Consulta: vanno allo Stato i beni confiscati alla mafia

Pubblicato il 20 ottobre 2012 La Corte costituzionale, con la sentenza n. 234 del 19 ottobre 2012, ha dichiarato non fondata la questione di legittimità costituzionale promossa dalla Regione siciliana nei confronti degli articoli 45, comma 1, 47 e 48, comma 3, del Decreto legislativo 6 settembre 2011, n. 159 (Codice delle leggi antimafia e delle misure di prevenzione, nonché nuove disposizioni in materia di documentazione antimafia, a norma degli articoli 1 e 2 della legge 13 agosto 2010, n. 136), per asserita violazione degli articoli 114, 116, 118, 119 e 120 della Costituzione, all’articolo 33, secondo comma, dello statuto della Regione siciliana.

Le disposizioni di riferimento sono quelle che disciplinano il procedimento di destinazione dei beni oggetto di confisca definitiva alla criminalità organizzata. Di questi, in particolare, è prevista un’assegnazione in via preferenziale allo Stato.

Per la Regione siciliana, per contro, l’autonomia regionale e locale nonché le disposizioni dello Statuto della Regione medesima esigerebbero che essa venisse prioritariamente riconosciuta in favore del territorio al quale questi ultimi appartengono. Da qui la proposizione della questione.

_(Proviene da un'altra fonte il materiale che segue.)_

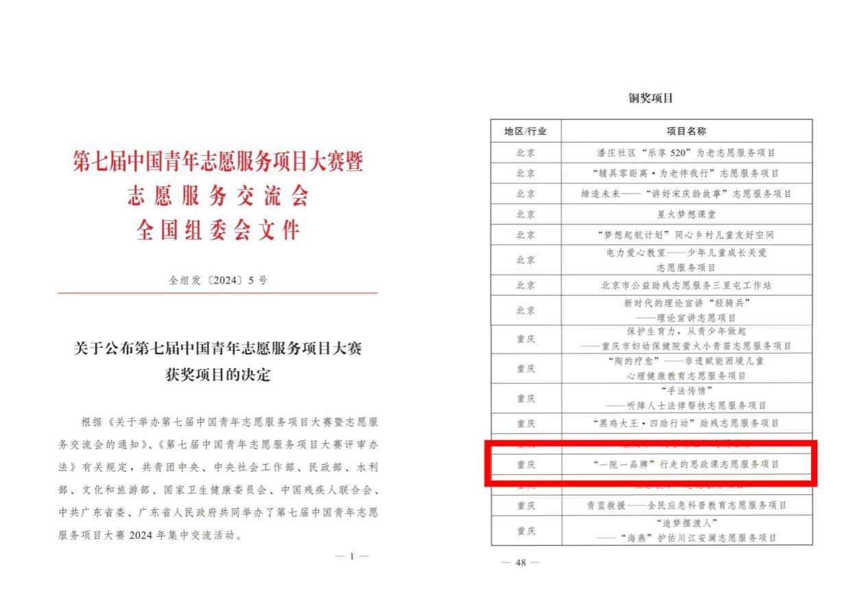 近日,由共青团中央、中央社会工作部、民政部、水利部、文化和旅游部、国家卫生健康委员会、中国残疾人联合会和中共广东省委、广东省人民政府共同主办的第七届中国青年志愿服务项目大赛暨2024年志愿服务交流会在广东汕头落幕。本次大赛聚焦科技创新、乡村振兴、绿色发展、社会服务等青年志愿服务工作重点领域,共评出金奖项目151个、银奖项目350个、铜奖项目500个。万象城官网《“一院一品牌”行走的思政课志愿服务项目》(申报单位:校团委、校青年志愿者协会)获第七届中国青年志愿服务项目大赛全国铜奖。

Secondo la Consulta, sono diversi i presupposti su cui si basano la disposizione statutaria, da un lato, e la norma impugnata, dall’altro. Poiché, infatti, lo statuto disciplina un modo di acquisto della proprietà da parte del patrimonio pubblico in seguito al ritrovamento di beni culturali, mentre l’articolo 45, comma 1, del Decreto legislativo n. 159 del 2011 regola gli effetti della confisca, ove essa abbia colpito tali beni che siano di proprietà privata, non vi è alcuna sovrapposizione degli stessi.